18. In G.P. SINGH'S PRINCIPLES OF STATUTORY INTERPRETATION (Eighth Edn. 2001) at pages (sic) the law is stated in the following terms:

In construing Wills and indeed statutes and all written instruments, the grammatical and ordinary sense of the word is adhered to, unless that would lead to some absurdity, or some repugnance or inconsistency with the rest of the instrument in which case the grammatical and ordinary sense of the words may be modified, so as to avoid that absurdity, and inconsistency, but no further. And as stated by LORD ATKINSON:

in the construction of statutes, their words must be interpreted in their ordinary grammatical sense unless there be something in the context, or in the object of the statute in which they occur or in the circumstances in which they are used, to show that they were used in a special sense different from their ordinary grammatical sense.' VISCOUNT SIMON, L.C., said: 'The golden rule is that the words of a statute must prima facie be given their ordinary meaning.' Natural and ordinary meaning of words should not be departed from 'unless it can be shown that the legal context in which the words are used requires a different meaning.' Such a meaning cannot be departed from by the Judges 'in the light of their own views as to policy' although they can 'adopt a purposive interpretation if they can find in the statute read as a whole or in material to which they are permitted by law to refer as aids to interpretation an expression of Parliament's purpose or policy.13. At this juncture it would also be relevant to refer to another judgment of this Court heavily relied upon by the respondent delivered in the case of Baljeet Singh v. Delhi Transport Corporation 2000 III LLJ (Suppl) 339 (Del). In the aforesaid judgment while interpreting Section 47 of the Act, it has been held at p. 344:

13. Section 47 in clear terms mandates that no establishment shall dispense with or reduce in rank the employee who acquires the disability during his service. Even if he is not suitable for the post he was holding as a result of disability he is to be shifted to some other post with same pay scale and service benefits. Even when he cannot be adjusted against any other post he is to be kept on supernumerary post until a suitable post is available or he attains the age of superannuation, whichever is earlier. The intention of Section 47 is clear and unambiguous namely, not to dispense with the service of the person who acquires disability during his service. The purpose is not far to seek. When the objective of the enactment is to provide proper and adequate opportunities to the disabled in the field of education, employment etc. it is obvious that those who are already in employment should not be uprooted when they incur disability during the course of employment. Therefore their employment is protected even if the destiny inflicts cruel blow to them affecting their limbs. Even if he is not able to discharge the same duties and there is no other work suitable for him, he is to be retained on the same pay scale and service benefits so that he keeps on earning his livelihood and is not rendered jobless. Notwithstanding the aforesaid clear and mandatory provisions contained in Section 47 of the Act, the respondent Corporation has passed the orders of voluntary retirement in the aforementioned cases which is an establishment within the meaning of Section 2(k) of the Industrial Disputes Act as it was established under Central Act. Such obvious Legislature intent is not understood by the officials of the DTC who are at the helm of affairs and have handed out such shabby treatment to the petitioners. Even when their attention was drawn to the provision they chose to lend deaf ears and did not rectify their wrong acts.14. The Division Bench in Delhi Transport Corporation v. Rajbir Singh (supra) also considered the ratio of the aforesaid judgment and observed as under:

24. The contention of Mr. Sabharwal to the effect that therein also this Court said 'when they acquire disability during the course of employment' and thus, the same meaning should be attributed to Section 47 of the Act cannot be accepted. The said contention, in our opinion is misplaced.
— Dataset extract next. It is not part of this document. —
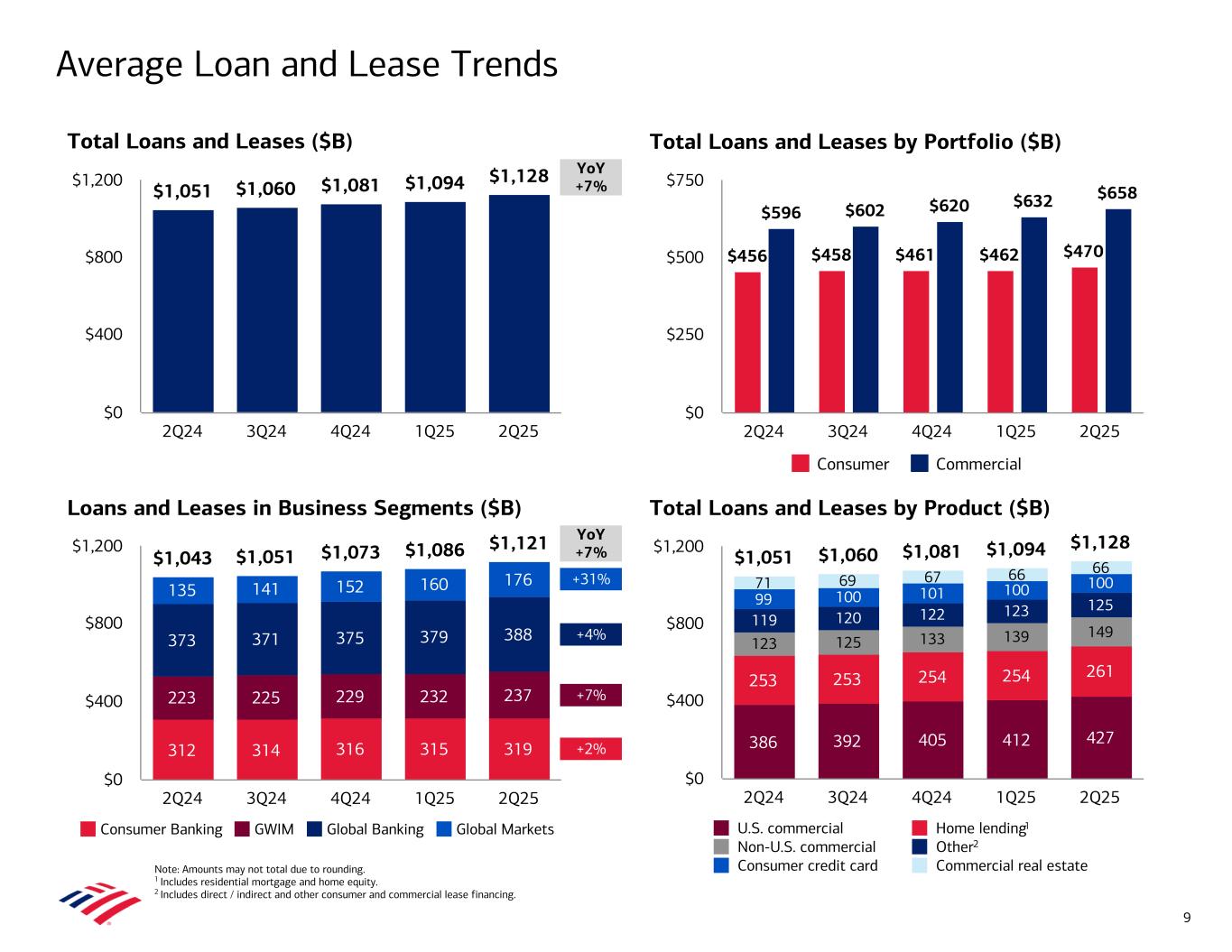 $1,043 $1,051 $1,073 $1,086 $1,121 312 314 316 315 319 223 225 229 232 237 373 371 375 379 388 135 141 152 160 176 Consumer Banking GWIM Global Banking Global Markets 2Q24 3Q24 4Q24 1Q25 2Q25 $0 $400 $800 $1,200 $1,051 $1,060 $1,081 $1,094 $1,128 2Q24 3Q24 4Q24 1Q25 2Q25 $0 $400 $800 $1,200 +2% +7% +4% +31% Average Loan and Lease Trends YoY +7% YoY +7% Note: Amounts may not total due to rounding. 1 Includes residential mortgage and home equity. 2 Includes direct / indirect and other consumer and commercial lease financing. Total Loans and Leases by Product ($B) Loans and Leases in Business Segments ($B) Total Loans and Leases by Portfolio ($B)Total Loans and Leases ($B) $456 $458 $461 $462 $470 $596 $602 $620 $632 $658 Consumer Commercial 2Q24 3Q24 4Q24 1Q25 2Q25 $0 $250 $500 $750 9 $1,051 $1,060 $1,081 $1,094 $1,128 386 392 405 412 427 253 253 254 254 261 123 125 133 139 149 119 120 122 123 12599 100 101 100 10071 69 67 66 66 U.S. commercial Home lending Non-U.S. commercial Other Consumer credit card Commercial real estate 2Q24 3Q24 4Q24 1Q25 2Q25 $0 $400 $800 $1,200 2 1
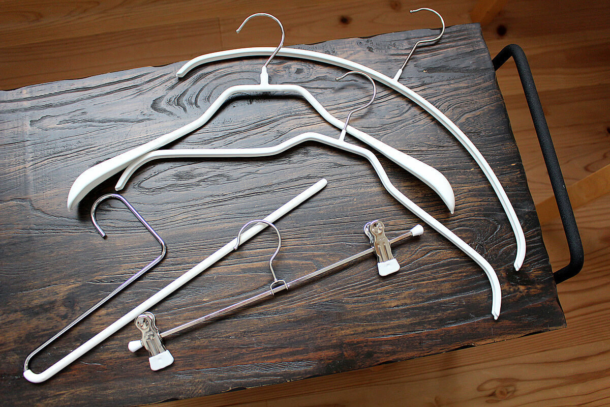 服のタイプに合わせてシルエットを選べて、薄型だからクローゼットがスッキリ整います。

25. A judgment, as is well known, must not be read as statute. It must be understood in the context of the facts involved therein and points required to be decided.

26. What was emphasized in the said paragraph was that those who were already in employment should not be uprooted when they incurred disability. It would not mean that such disability must occur during the course of employment which expression finds place in certain statutes, as for example, Workmen Compensation Act.

32. Whether a substantive right can be taken away by giving retrospective effect to a statute is not in question in these matters. Accident might have occurred in 1995, and the Act might have come into force on February 7, 1996 but the submission of Mr. Vibhu Shanker that the date of acquisition of disability must be considered to be the cut off date for the purpose of Section 47 of the Act cannot be accepted. After coming into force of the said Act only the order impugned was passed. If prior to coming into force of the said Act, services had been terminated the matter would have been different but as the services were not terminated till the Act came into force the same must be held to be bad in law.

33. Once the Act came into force having regard to the phraseology used in Section 47 the appellant herein became debarred from terminating the services of the respondent.

34. The question as to whether in a situation of this nature, the Act may be held to have retrospective effect or not has succinctly been stated in G.P. SINGH'S PRINCIPLES OF STATUTORY INTERPRETATION (Eighth Edn. 2001) at page 403 as under: 'The rule against retrospective construction is not applicable to a statute merely 'because a part of the requisites for its action is drawn from a time antecedent to its passing' If that were not so, every statute will be presumed to apply only to persons born and things come into existence after its operation and the rule may well result in virtual nullification of most of the statutes. An amending Act is, therefore, not retrospective merely because it applies also to those to whom pre-amended Act was applicable if the amended Act has operation from the date of its amendment and not from an anterior date. But this does not mean that a statute which takes away or impairs any vested right acquired under existing laws or which creates a new obligation or imposes a new burden in respect of past transactions will not be treated as retrospective. Thus to apply an amending Act, which creates a new obligation to pay additional compensation, or which reduces the rate of compensation to pending proceedings for determination of compensation for acquisitions already made, will be to construe it retrospective which cannot be done unless such a construction follows from express words or necessary implication.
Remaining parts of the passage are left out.